Our Confederate heroes
At summer camp, girls from Memphis and Birmingham sang “Dixie,” then yelled “Save Your Dixie Cups. The South Will Rise Again!” Cabin mates from Chicago and I would laugh because they were clearly wrong. Maybe we were. The stone archway into Blandford Cemetery, in Petersburg, Virginia, is inscribed to “Our Confederate Heroes.” Buried here are some 30,000 men in gray who fell in the Battle of the Crater. Smith attends what his guide calls a Memorial Celebration and what Smith labels an ahistorical celebration. It includes a hagiography of Robert E. Lee which Smith shreds: Lee was a ruthless slave owner who broke up every slave family he owned but one. He violated the rules of war by ordering the execution of Black Union soldiers who had surrendered to him.

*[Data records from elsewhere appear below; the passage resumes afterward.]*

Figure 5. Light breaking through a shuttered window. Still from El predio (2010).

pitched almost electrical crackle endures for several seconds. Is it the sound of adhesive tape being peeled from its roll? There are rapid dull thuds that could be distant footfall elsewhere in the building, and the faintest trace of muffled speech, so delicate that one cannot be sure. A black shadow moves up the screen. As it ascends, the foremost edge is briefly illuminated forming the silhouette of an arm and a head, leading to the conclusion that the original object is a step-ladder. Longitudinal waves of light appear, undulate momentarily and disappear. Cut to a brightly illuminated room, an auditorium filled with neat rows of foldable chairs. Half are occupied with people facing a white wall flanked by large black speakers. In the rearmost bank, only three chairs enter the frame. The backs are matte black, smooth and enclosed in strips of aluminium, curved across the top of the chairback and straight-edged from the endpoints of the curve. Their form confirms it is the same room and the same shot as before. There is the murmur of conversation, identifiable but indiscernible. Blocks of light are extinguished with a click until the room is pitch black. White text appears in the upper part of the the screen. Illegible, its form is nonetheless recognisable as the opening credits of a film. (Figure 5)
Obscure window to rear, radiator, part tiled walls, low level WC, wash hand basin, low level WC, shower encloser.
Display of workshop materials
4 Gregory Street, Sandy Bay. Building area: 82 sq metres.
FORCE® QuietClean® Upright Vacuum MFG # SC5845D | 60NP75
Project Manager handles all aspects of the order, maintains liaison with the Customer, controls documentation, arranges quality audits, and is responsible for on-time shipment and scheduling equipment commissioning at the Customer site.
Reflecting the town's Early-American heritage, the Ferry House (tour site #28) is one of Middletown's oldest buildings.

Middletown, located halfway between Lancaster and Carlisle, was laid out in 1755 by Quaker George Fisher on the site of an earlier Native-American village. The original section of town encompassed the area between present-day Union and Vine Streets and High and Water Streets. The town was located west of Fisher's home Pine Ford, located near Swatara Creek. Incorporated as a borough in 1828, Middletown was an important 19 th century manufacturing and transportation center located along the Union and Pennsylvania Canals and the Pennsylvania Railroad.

Taxpayers have paid at least $40 million to build Confederate monuments, museums, heritage foundations, and cemeteries. All in the name of the Lost Cause, a myth promulgated by the United Daughters of the Confederacy (UNC) in the late nineteenth century.

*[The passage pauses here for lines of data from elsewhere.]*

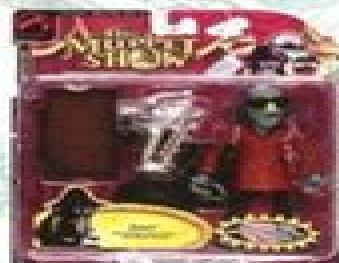
The Muppet Show Zoot (Chase) $100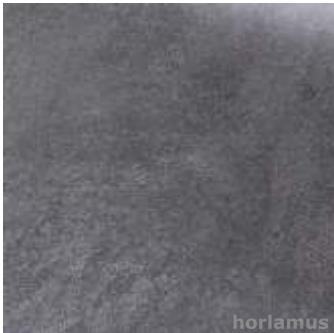
IX3773 Ardósia Cinza Escuro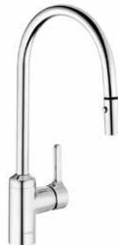
KLUDI BINGO STAR Pull Out Chrome Hand Spray H 1 435 H 2 225 A 220 Ø 48 DN Rating - 15 Min Pressure 3.0 Bar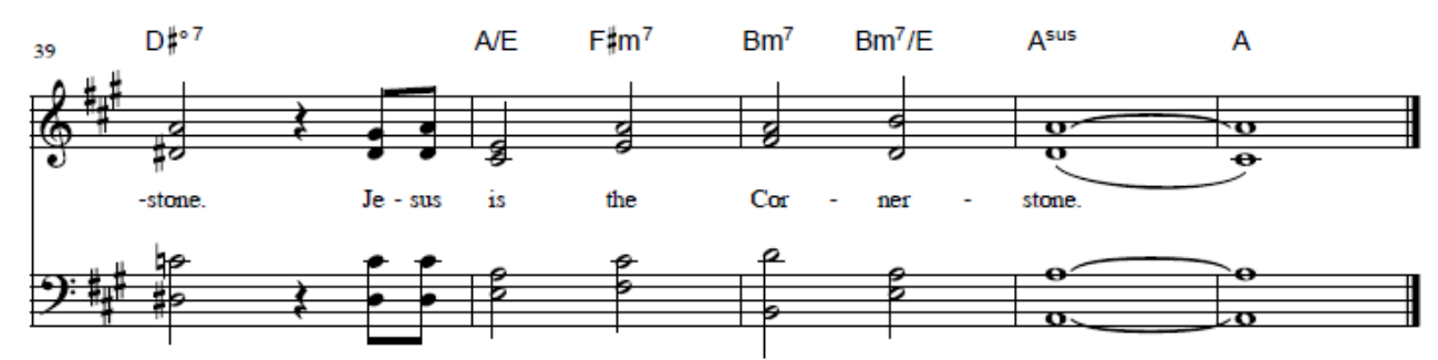
CCLI Song # 20838 © 1976 Bridge Building Music, Inc. For use solely with the SongSelect® Terms of Use. All rights reserved. www.ccli.com CCLI License # 343326

The guide promotes another myth, showing Smith the tombstone of Richard Poplar, an African American said to be a Confederate officer. Smith’s research shows the Confederacy forbade Black officers. The Sons of Confederate Veterans (SCV) created this falsehood during the Civil Rights Era. The Southern Poverty Law Center says the SCV is connected to White supremacy and extremism.
This is more than junk history. Taxpayers have paid at least $40 million to build Confederate monuments, museums, heritage foundations, and cemeteries. All in the name of the Lost Cause, a myth promulgated by the United Daughters of the Confederacy (UNC) in the late nineteenth century. The Lost Cause argues the South was upholding the institutions of family and honor, and states rights. Smith points out that the constitution of the Confederate States is based on the defense of slavery. “The Lost Cause was no accident. It was a multi-pronged deliberate mis-remembrance and obfuscation of what the Confederacy stood for and the role slavery played in this country,” he says. The United Daughters rewrote history, creating a narrative that teachers included in their lesson plans and that made its way into textbooks.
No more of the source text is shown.